If Fahngon’s rants that public officials are deeply hated by the people are anything to go by, then it makes no sense for President Weah to speak to the Liberian people through the voices of despised officials. If changes are underway or are planned, President Weah should quickly announce this rather than leaving it to public speculation.

It is he who has the mandate and authority to appoint officials who serve at his will and pleasure. And it is only he who can dismiss, change or even rotate them. In this regard, he is urged to put the results of the just ended senatorial election behind him and carry on with his duties of governance.

And going forward from this day onwards, President Weah is urged to do everything in his power to curb tendencies that promote dysfunctional governance and undermine respect for the rule of law. This should form a major part of his agenda in 2021.

WILL THOSE IN CHARGE OF FISCAL AND MONETARY POLICIES PLEASE STAND!

2 COMMENTS

  1. The people in charge of Liberia’s monetary policy are infact not [LIBERIANS]. Foreigners dorminate the Liberian Economy. As such, they also control the monetary policy/flow of money. Whenever the Foreigners hoard their money; to await a favorable business climate, Banks in Liberia run out of money. The vast- majority of LIBERIANS can not hoard 💰 money. They live daily from hands to mouth. The question is: What percentage of Liberia’s Population have a bank account? *Not much. Sadly, Foreigners mercilessly siphon Liberia’s Hard currency-The U.S DOLLAR.

  2. Very good analysis Henry, but what is even more disconcerting is when the leaders in charge give momentum to an already precarious economic situation through their actions.

    Weah’s administration has created all the conditions necessary to induce foreign business people to conduct business in Liberia in contravention of its commercial laws.

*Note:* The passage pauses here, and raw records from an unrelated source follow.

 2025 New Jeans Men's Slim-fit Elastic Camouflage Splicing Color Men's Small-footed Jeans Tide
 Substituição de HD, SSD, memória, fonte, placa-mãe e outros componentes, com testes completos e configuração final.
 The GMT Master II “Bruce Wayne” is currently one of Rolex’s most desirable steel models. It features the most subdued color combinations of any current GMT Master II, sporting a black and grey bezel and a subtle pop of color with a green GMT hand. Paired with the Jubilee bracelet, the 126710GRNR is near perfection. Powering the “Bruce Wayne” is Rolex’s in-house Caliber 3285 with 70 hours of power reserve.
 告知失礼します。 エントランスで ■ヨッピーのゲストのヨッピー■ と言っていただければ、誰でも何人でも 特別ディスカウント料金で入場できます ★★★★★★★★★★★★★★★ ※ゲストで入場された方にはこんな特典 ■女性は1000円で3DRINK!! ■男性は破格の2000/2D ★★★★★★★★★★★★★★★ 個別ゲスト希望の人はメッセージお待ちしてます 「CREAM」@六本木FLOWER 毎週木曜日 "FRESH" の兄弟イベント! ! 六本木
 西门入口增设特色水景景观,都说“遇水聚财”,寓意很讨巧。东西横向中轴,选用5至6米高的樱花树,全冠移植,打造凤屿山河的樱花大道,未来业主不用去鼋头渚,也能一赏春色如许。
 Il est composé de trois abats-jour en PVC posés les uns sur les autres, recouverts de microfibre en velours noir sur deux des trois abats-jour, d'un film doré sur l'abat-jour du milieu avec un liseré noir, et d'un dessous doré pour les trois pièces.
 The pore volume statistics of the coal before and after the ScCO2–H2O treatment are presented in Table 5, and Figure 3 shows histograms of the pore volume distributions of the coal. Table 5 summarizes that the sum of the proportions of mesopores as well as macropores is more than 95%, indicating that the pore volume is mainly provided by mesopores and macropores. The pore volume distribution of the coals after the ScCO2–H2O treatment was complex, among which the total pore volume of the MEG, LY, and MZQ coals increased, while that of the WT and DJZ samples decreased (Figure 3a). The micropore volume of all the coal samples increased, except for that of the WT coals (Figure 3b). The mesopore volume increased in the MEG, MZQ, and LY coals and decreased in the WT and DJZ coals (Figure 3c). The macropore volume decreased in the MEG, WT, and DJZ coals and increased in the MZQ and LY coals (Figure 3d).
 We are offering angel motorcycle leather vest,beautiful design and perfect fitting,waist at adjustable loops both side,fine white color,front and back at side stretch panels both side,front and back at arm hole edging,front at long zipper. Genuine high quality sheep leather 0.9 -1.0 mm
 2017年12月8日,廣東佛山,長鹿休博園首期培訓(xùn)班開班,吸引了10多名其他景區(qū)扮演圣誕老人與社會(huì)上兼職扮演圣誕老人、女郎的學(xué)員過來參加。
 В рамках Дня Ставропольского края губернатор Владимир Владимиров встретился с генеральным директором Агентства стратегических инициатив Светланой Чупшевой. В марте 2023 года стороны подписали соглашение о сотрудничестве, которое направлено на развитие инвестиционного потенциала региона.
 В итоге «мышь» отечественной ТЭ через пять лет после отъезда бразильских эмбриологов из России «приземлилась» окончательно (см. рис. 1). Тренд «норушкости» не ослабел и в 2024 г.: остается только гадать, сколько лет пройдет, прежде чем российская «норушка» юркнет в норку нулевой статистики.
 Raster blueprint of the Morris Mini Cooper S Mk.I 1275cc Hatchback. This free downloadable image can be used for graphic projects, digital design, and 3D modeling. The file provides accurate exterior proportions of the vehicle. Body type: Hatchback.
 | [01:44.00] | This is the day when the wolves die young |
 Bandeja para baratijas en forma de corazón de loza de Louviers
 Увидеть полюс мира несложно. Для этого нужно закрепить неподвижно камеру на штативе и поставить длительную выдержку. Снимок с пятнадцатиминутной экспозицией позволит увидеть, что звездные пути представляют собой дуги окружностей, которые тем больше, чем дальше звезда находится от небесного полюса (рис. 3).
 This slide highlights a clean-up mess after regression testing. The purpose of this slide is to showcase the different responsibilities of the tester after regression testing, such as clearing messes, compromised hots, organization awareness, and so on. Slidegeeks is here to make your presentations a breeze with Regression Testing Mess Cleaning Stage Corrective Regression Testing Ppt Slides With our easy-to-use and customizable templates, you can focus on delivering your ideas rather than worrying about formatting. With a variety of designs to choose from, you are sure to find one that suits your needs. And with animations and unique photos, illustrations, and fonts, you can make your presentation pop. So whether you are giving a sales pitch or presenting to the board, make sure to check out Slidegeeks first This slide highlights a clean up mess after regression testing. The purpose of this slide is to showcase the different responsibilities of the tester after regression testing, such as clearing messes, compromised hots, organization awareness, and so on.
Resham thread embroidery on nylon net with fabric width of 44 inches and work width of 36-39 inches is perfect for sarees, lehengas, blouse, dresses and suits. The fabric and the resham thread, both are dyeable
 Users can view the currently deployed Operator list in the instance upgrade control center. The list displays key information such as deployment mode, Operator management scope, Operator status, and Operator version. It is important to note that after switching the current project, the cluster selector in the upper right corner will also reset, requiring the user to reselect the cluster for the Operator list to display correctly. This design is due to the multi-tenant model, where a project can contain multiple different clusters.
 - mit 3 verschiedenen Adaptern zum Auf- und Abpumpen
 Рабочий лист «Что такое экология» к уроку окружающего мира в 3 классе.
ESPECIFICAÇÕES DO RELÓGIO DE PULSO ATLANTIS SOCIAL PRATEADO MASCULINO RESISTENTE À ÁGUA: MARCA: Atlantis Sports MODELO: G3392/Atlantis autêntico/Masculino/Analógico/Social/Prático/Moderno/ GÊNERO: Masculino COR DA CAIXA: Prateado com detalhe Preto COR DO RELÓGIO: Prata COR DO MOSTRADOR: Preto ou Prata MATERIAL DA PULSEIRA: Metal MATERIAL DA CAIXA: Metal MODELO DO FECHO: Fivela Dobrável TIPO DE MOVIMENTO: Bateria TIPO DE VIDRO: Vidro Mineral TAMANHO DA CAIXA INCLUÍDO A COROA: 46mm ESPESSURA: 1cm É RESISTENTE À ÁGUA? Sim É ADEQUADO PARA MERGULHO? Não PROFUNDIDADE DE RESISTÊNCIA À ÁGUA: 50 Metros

And of course, you know as much as I know that the acquiescence of many of our public officials in complying with these despicable acts derives from greed, incompetence, and the love of money and not love of one’s country.

    To make an analogy: an individual is irate over the unsavory news circulating in the community about his daughter engaging in prostitution. However, a strange twist of events then occurs when instead of him expressing disgust and warning those who are maligning her to stop, he in fact takes-off to the airwaves announcing to the public the news is true. Wow! What a paradox? Is he not aware that by his actions he’s giving a tacit approval of his daughter’s behavior?

    Such is the case here. Economic strangulation wrought on our poor masses by foreigners truly hurts the country, but what truly hurts more is when the leaders, who are aborigines of the country, get in cahoots with them to exacerbate the crisis. “If a house does not sell a person, the public will not buy him or her,” as an old saying goes.